◆ Instructions to follow
The answer must consist only of the lines in the records below from the line with "- Pour the pesto" to the line with "人民网:北海艺术设计学院学子在2025年全区师德师风演讲比赛获佳绩", both included, copied word for word with every picture left out.

◆ Data extract

== == ==

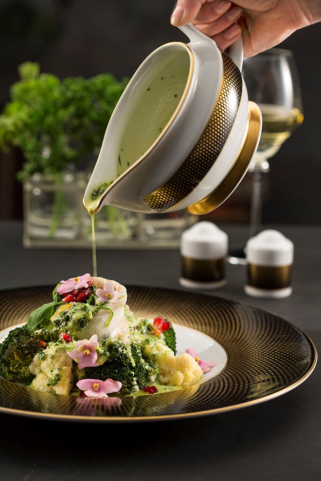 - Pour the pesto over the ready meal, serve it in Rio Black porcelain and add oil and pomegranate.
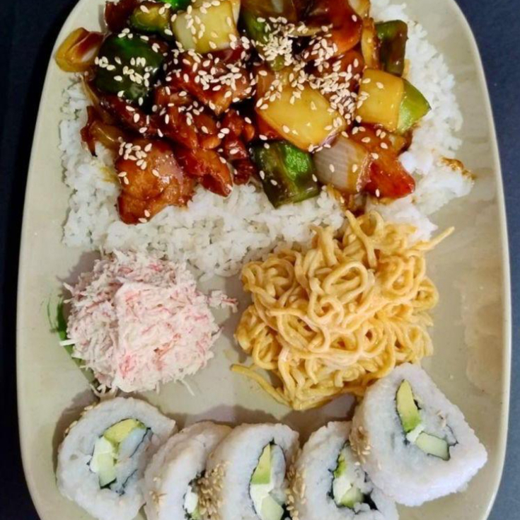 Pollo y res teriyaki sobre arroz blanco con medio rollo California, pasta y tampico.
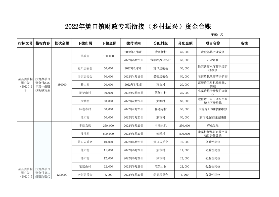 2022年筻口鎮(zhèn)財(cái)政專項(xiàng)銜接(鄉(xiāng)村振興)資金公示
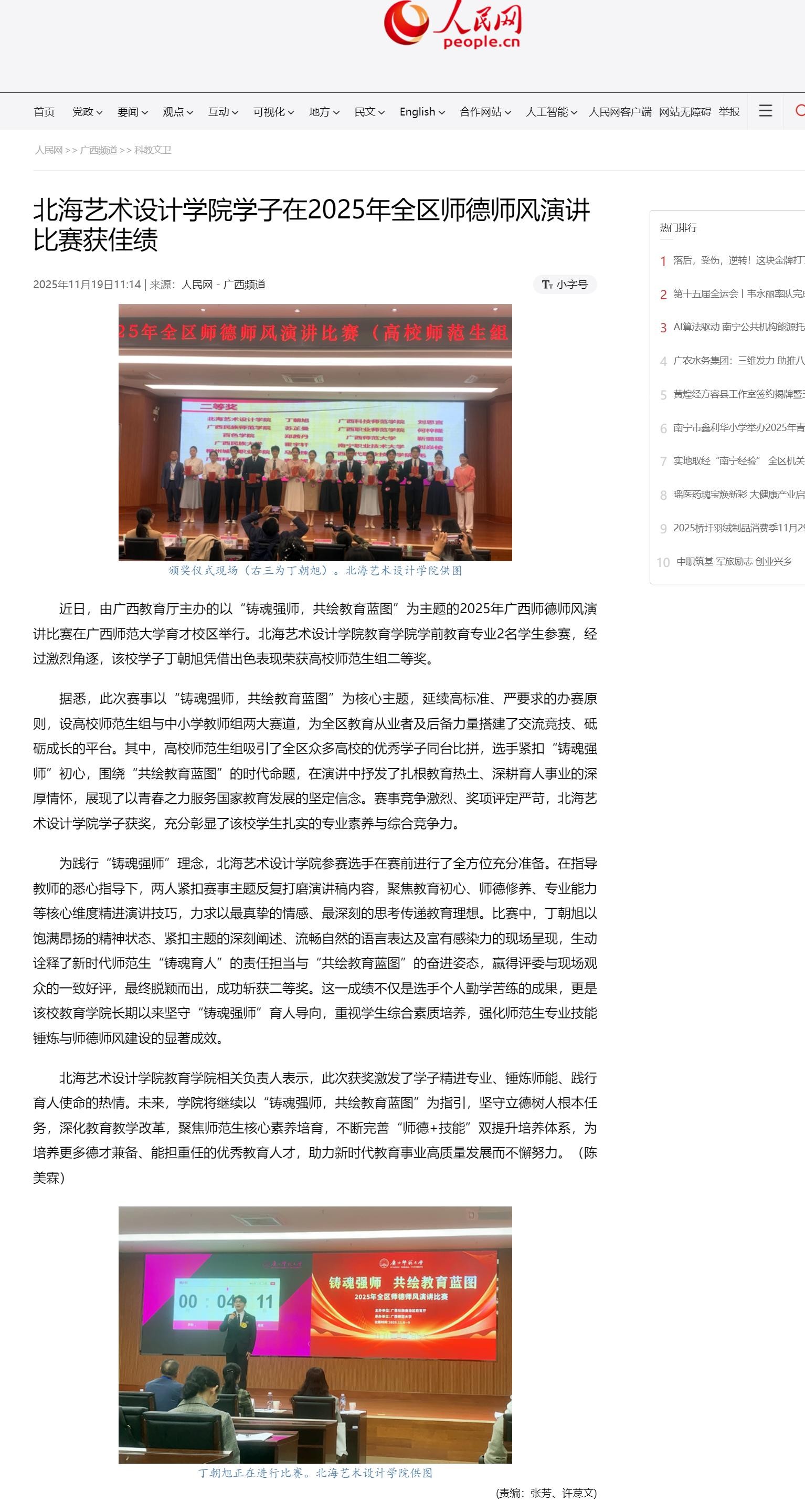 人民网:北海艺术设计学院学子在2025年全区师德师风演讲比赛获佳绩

== == ==

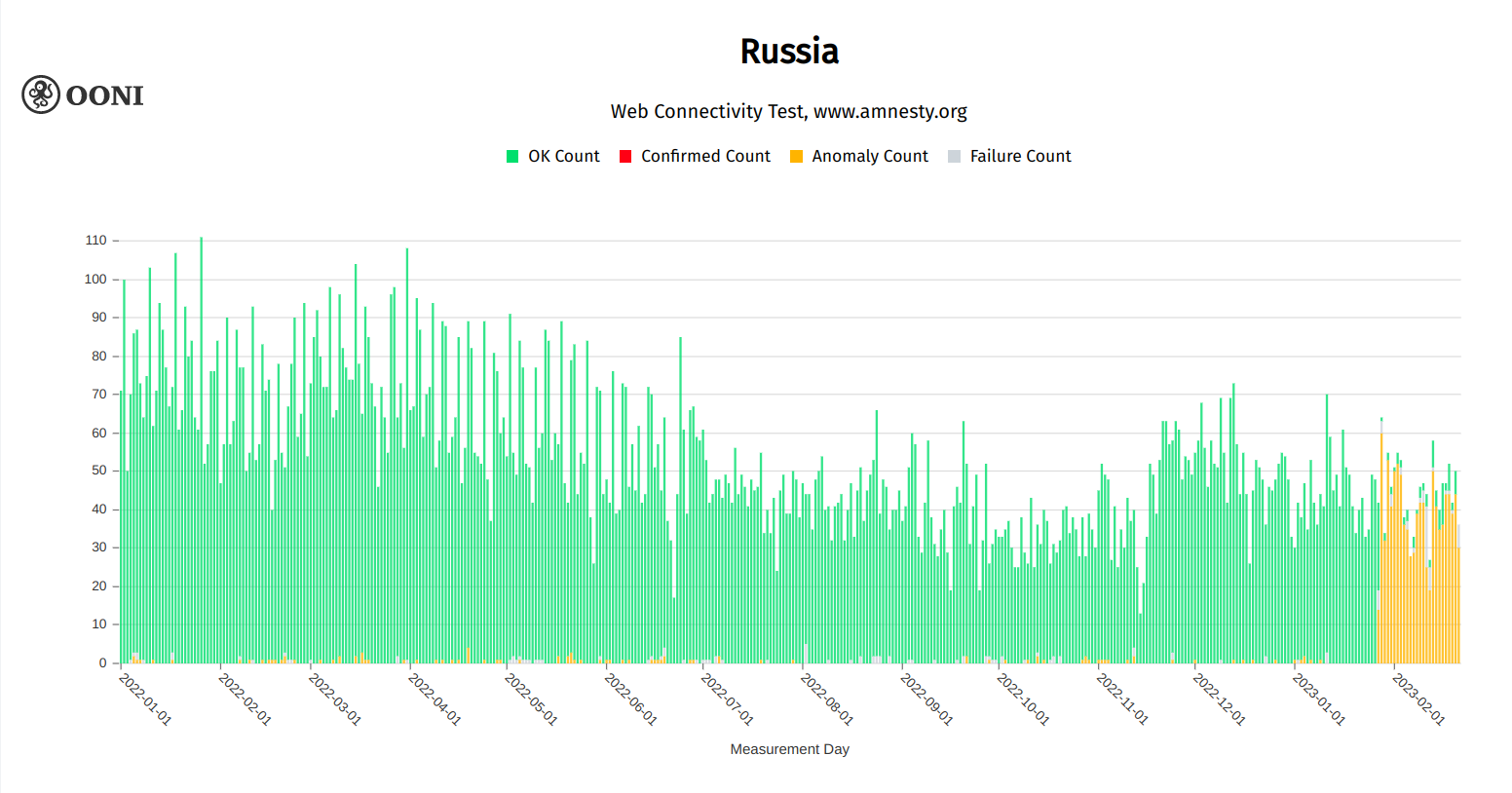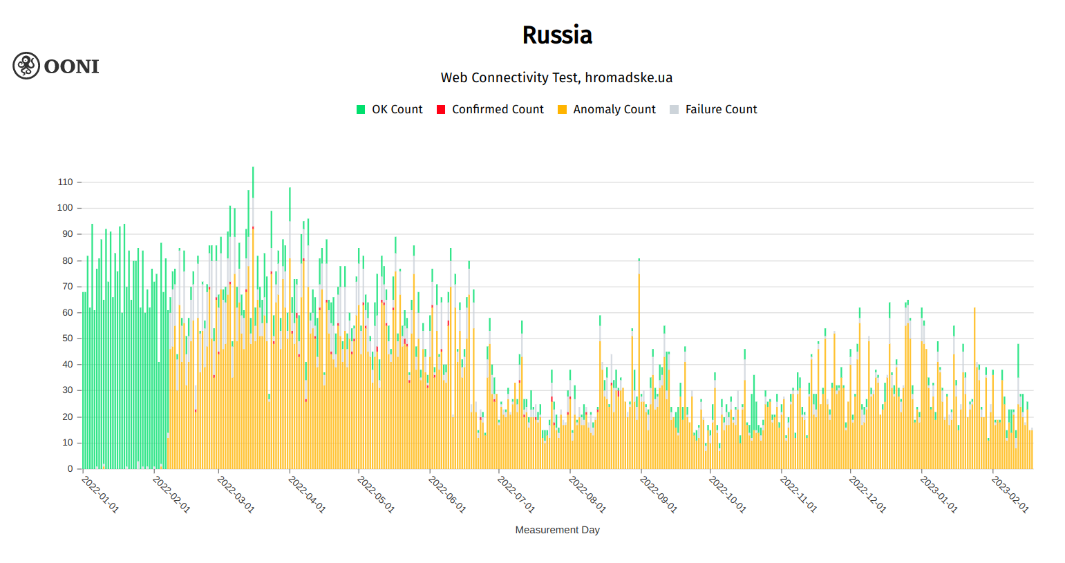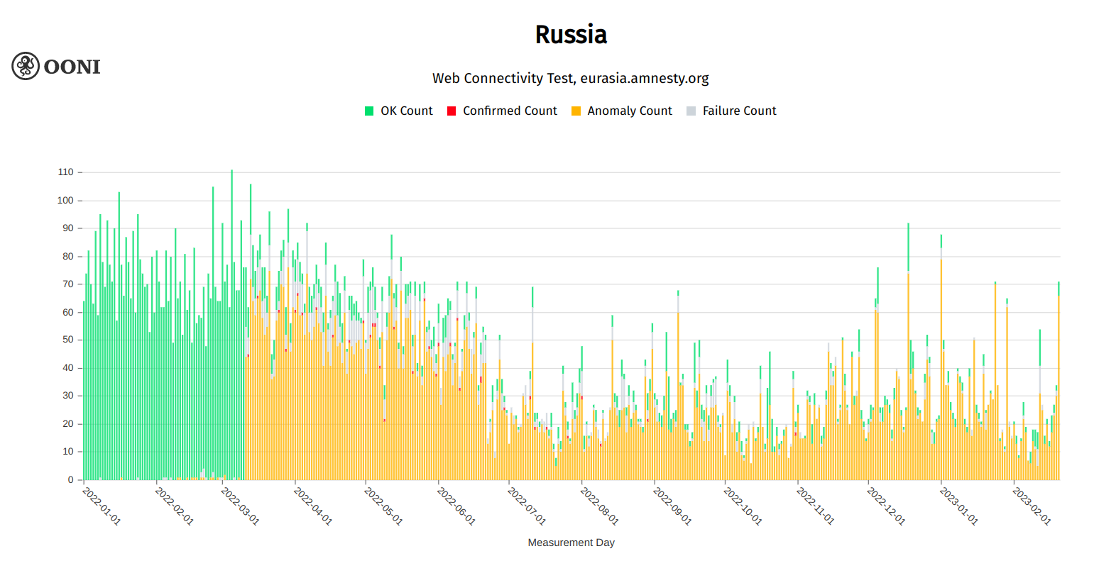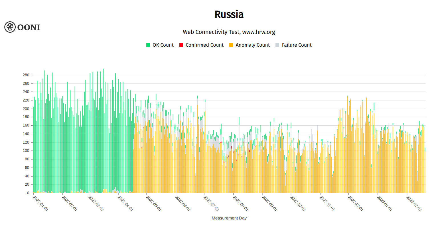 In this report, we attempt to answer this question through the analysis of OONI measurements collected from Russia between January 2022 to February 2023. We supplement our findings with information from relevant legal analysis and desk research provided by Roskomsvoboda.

== == ==

◆ Answer space
 - Pour the pesto over the ready meal, serve it in Rio Black porcelain and add oil and pomegranate.
 Pollo y res teriyaki sobre arroz blanco con medio rollo California, pasta y tampico.
 2022年筻口鎮(zhèn)財(cái)政專項(xiàng)銜接(鄉(xiāng)村振興)資金公示
 人民网:北海艺术设计学院学子在2025年全区师德师风演讲比赛获佳绩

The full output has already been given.